Operator Development Based on Custom Operator Project
This section uses a simple operator as an example to describe the entire development process, including operator project creation, code compilation, build and deployment, and runtime verification. This section uses the Add operator with dynamic shape input as an example to distinguish it from the built-in Add operator, and define the operator type as AddCustom.
Project Creation
The CANN package provides the project creation tool msOpGen. You can enter the operator prototype definition file to generate an Ascend C operator development project.
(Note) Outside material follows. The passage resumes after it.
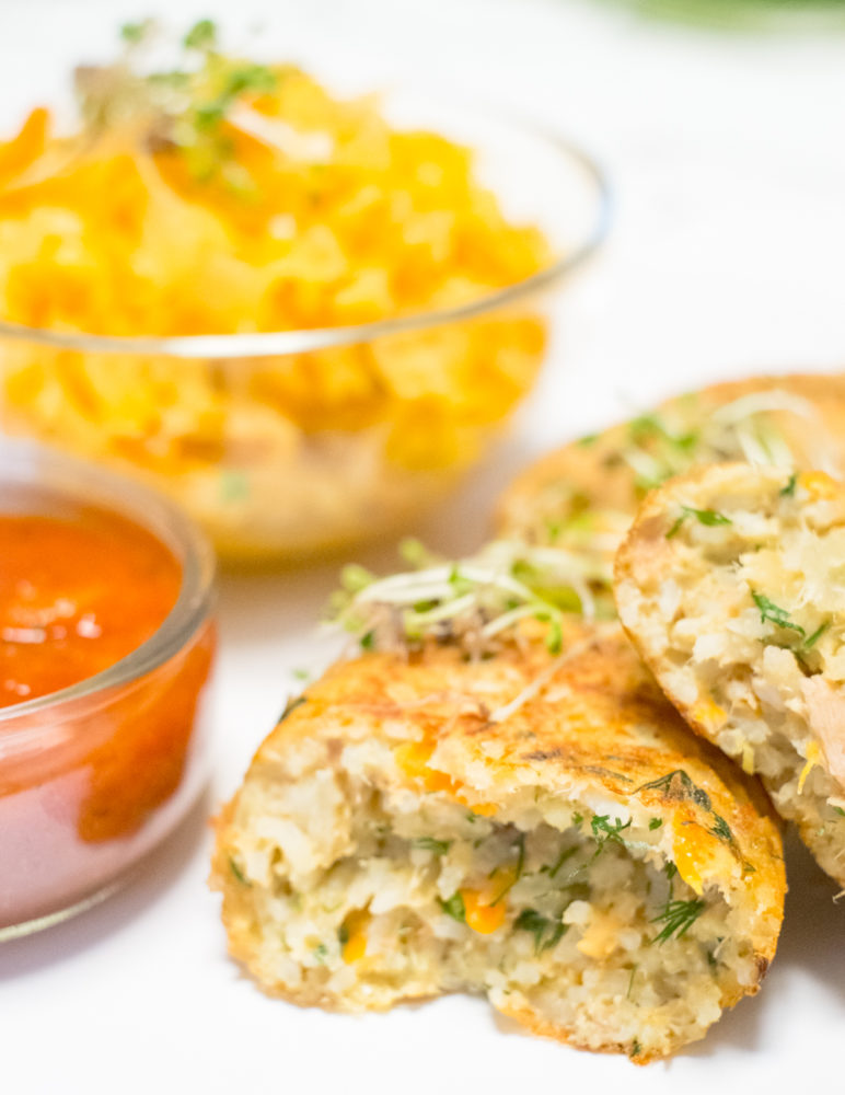 Pomysł na te kotleciki znalazłem przeglądając internet. W orginalnym przepisie kotleciki były z sardynkami z puszki.  Połączenie ugotowanego ryżu, tuńczyka, koperku , cebulki i marchewki dało wspaniały efekt smakowy.  Podane z ostrym , pomidorowym sosem i surówką z kiszonej kapusty są wspaniałym daniem obiadowym. Uwaga! Na zimno są równie pyszne :).

- Compile the prototype definition JSON file of the AddCustom operator.Assume that the prototype definition file of the AddCustom operator is named add_custom.json and stored in $HOME/sample. The file content is as follows:
[ { "op": "AddCustom", "input_desc": [ { "name": "x", "param_type": "required", "format": [ "ND" ], "type": [ "fp16" ] }, { "name": "y", "param_type": "required", "format": [ "ND" ], "type": [ "fp16" ] } ], "output_desc": [ { "name": "z", "param_type": "required", "format": [ "ND" ], "type": [ "fp16" ] } ] } ] - Generate a development project of the AddCustom operator using msOpGen.
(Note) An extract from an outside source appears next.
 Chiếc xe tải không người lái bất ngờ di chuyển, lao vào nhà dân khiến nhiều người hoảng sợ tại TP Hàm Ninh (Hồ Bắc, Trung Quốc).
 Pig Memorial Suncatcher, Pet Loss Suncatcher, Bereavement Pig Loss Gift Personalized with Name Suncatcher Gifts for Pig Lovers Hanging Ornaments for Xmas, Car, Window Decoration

${INSTALL_DIR}/python/site-packages/bin/msopgen gen -i $HOME/sample/add_custom.json -c ai_core-<soc_version> -lan cpp -out $HOME/sample/AddCustom
- ${INSTALL_DIR} is the file storage path after the CANN software is installed. Replace it with the actual path.
- -i: path of the operator prototype definition file add_custom.json.
- -c: ai_core-<soc_version> indicates that the operator is executed on the AI Core. <soc_version> indicates the model of the Ascend AI Processor.
The AI processor model <soc_version> can be obtained in the following ways:
- Run the npu-smi info command on the server where the Ascend AI Processor is installed to obtain the Chip Name information. The actual value is AscendChip Name. For example, if Chip Name is xxxyy, the actual value is Ascendxxxyy.
Basic functions (operator development, build, and deployment based on the project) are applicable across operator projects created based on the same AI processor series.
- -lan: cpp indicates that the operator is developed based on the Ascend C programming framework and using the C++ programming language.
- After the command is executed, the operator project directory is generated in the $HOME/sample directory. The project contains the operator implementation template file and build script:
AddCustom ├── build.sh // Build entry script ├── cmake // Directory that stores the scripts used for operator project build and common build files ├── CMakeLists.txt // Build script of the operator project ├── CMakePresets.json // Build configuration item ├── framework // Directory of the operator plugin implementation files during AI framework adaptation ├── op_host // Implementation file on the host │ ├── add_custom_tiling.h // Operator tiling definition file │ ├── add_custom.cpp // Content file for operator prototype registration, shape derivation, information library, and tiling implementation │ ├── CMakeLists.txt ├── op_kernel // Implementation file on the kernel │ ├── CMakeLists.txt │ ├── add_custom.cpp // File for implementing the operator kernel function ├── scripts // Directory of scripts used for custom operator project packing
You simply need to pay attention to the files in bold during subsequent development.
Operator Kernel Function Implementation
Implement the kernel function of the operator in the AddCustom/op_kernel/add_custom.cpp file in the project storage directory. You can view the complete sample code in add_custom.cpp. The following describes the key implementation code.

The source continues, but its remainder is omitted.